Case  Study : Ms Olaitan Ajoke Alarape (the First Appellant) and Olukayode Azeez Tijani (the Second Appellant) –vs— The Secretary of State for the Home Department (respondent) and Aire Centre (third-party intervener)

We are waiting with interest to see the Court of Justice’s response from the UK referral in the above case.  The outcome could be of great assistance in clarifying and expanding upon the rights of residence established in the seminal cases of LB Harrow v Ibrahim C‑310/08 and Teixeira v London Borough of Lambeth and Secretary of State C-480-08.

In particular, the right of residence possessed through being a primary carer of the child in education of a former worker does not arise under Article 7 of the Directive but under other EU legislation. It is currently uncertain whether such a right of residence does or does not count towards the five years required for permanent residence. This question should be finally settled by the forthcoming judgment of the ECJ in Alarape and Tijani Case C-529/11.”

The facts of the Alarape case are as follows;

The Appellants were mother and son, and Nigerian nationals. They arrived in the UK illegally in 2001. In 2003, the first appellant married Mr. Salama, a French national, so the first and second appellants were given permission to reside until 2009. The couple then divorced in 2010.  Subsequently, the appellants applied for permission to reside based on the fact that Mr.
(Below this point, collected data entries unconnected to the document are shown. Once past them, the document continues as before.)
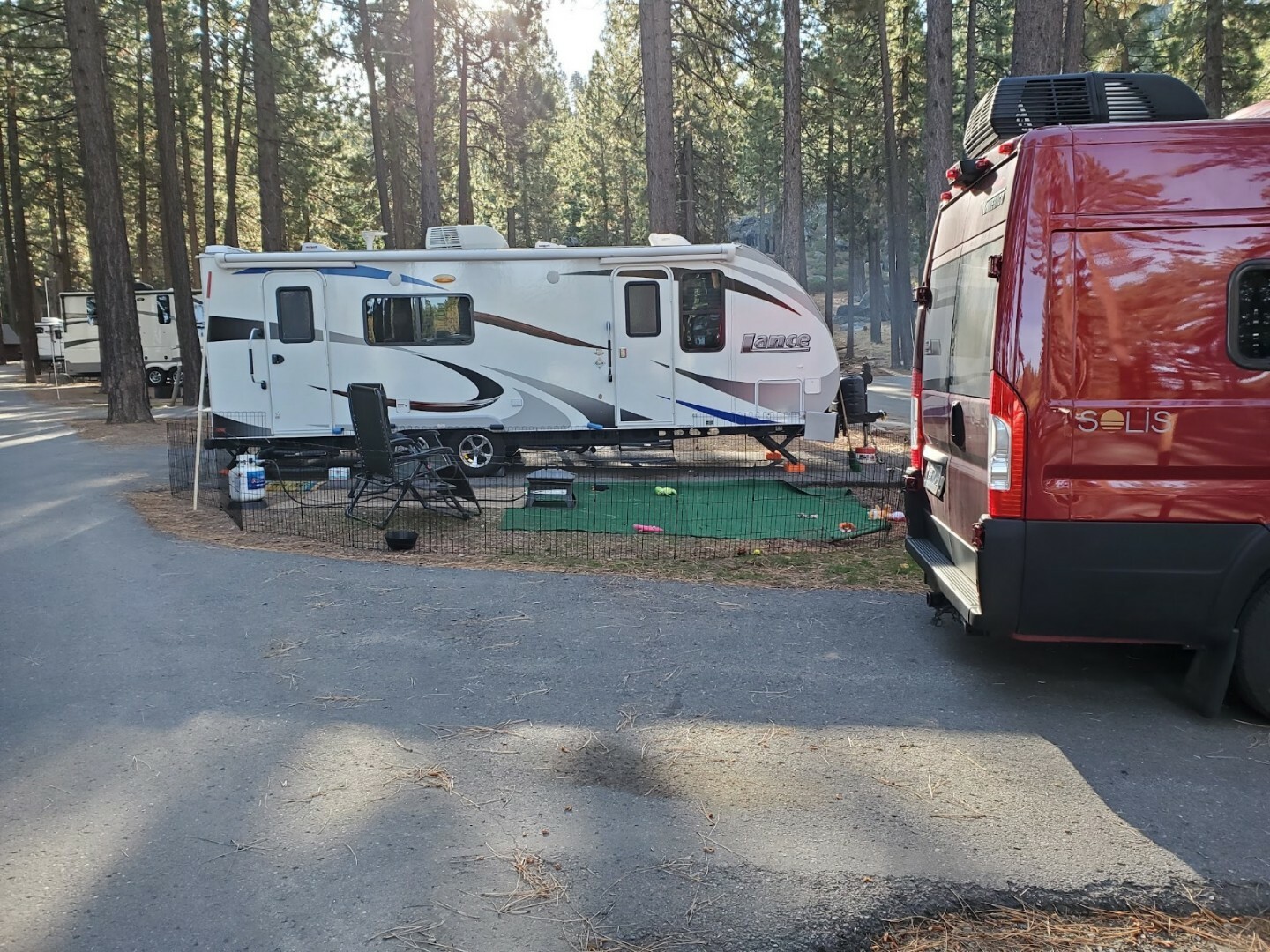 While I was working and learning with my "peeps" at Art Quilt Tahoe, Van spent his week a mile down the road at Zephyr Point Campground and Resort in TCB with Quinnbo as his sidekick.
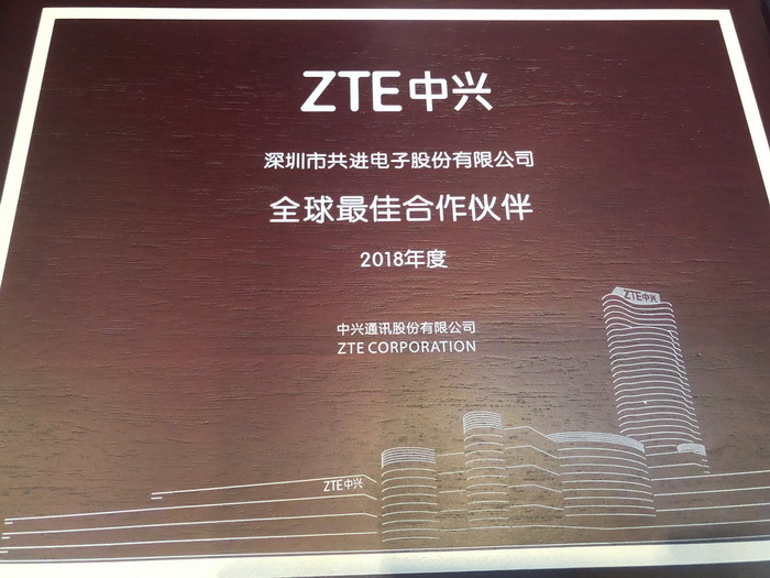公司荣获中兴通讯2018年度“全球最佳合作伙伴”奖
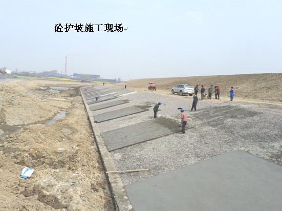 在生態護坡施工工段,也利用數個專業施工隊同時施工,流水作業。充分挖掘節拍間歇時間,提高施工速度。同時根據生態砼護坡的特點,先期就做好了生態護坡試驗,大大提高了生態護坡的成活率。

Salama was exercising his EU Treaty Rights by working for 5 years. 

The second appellant is a student who intends to commence a course in PhD studies in Edinburgh.

The First Tier Tribunal (FTT) found that Mr Salama was not exercising his EU Treaty Rights because he had only produce evidence of employment from 2004-2006. The appellants therefore received a negative decision but they received permission to appeal

The findings made by the Upper Tribunal were as follows;

-          Mr. Salama hadn’t been exercising EU Treaty Rights, so there’s no error in law there. They don’t qualify for any of the protections of non-EU family members in the event of a divorce because he hadn’t been working.

-          Even though the son is over 21 and isn’t the child, but the step-child of Mr. Salama, his rights are recognized under Article 12 to have his education.

-          The FTT is unable to determine whether or not the first appellant is his “primary carer,” because there is no clear definition of primary carer. They enjoy a close relationship and he is financially dependent on his mother, but he lives in another city, is now 25, is healthy and able-bodied, and has entered into the labour market on his own before.

Queries of law referred to the Court of Justice:

-          For a parent to qualify as a “primary carer” so as to derive a right of residence from a child over 21 exercising a right of access to education under Article 12 Regulation No. 1612/68 [see now Article 10 Regulation (EU) No. 492/2011], is it necessary for that child to be (i) dependent on such a parent; (ii) residing in that parent’s household; and (iii) receiving emotional support from that parent?

-          In order to qualify for such a derived right of residence it is unnecessary for a parent to show that all three of the above circumstances obtain, is it sufficient to show that only one obtains or that only two obtain?

-          In relation to (ii) above, can there continue to be residence on the part of an adult student child in a common household with his parent(s) even when the former is living away from home for the duration of his studies (save for holidays and occasional weekends)?

-          In relation to (iii) above, is it necessary for the emotional support provided by the parent to be of a particular quality (viz. close or physically proximate) or is it sufficient if it consists in a normal emotional tie between a parent and an adult child?

-          Where a person has held an EU right of residence under Article 12 of Regulation No. 1612/68 [see now Article 10 Regulation (EU) No. 492/2011] for a continuous period of more than five years, does such residence qualify for the purposes of acquiring a right of permanent residence under Chapter IV of Directive 2004/38/EC (the Citizens Directive) on “Right of Permanent Residence”) and being issued with a residence card under Article 19 of the same Directive?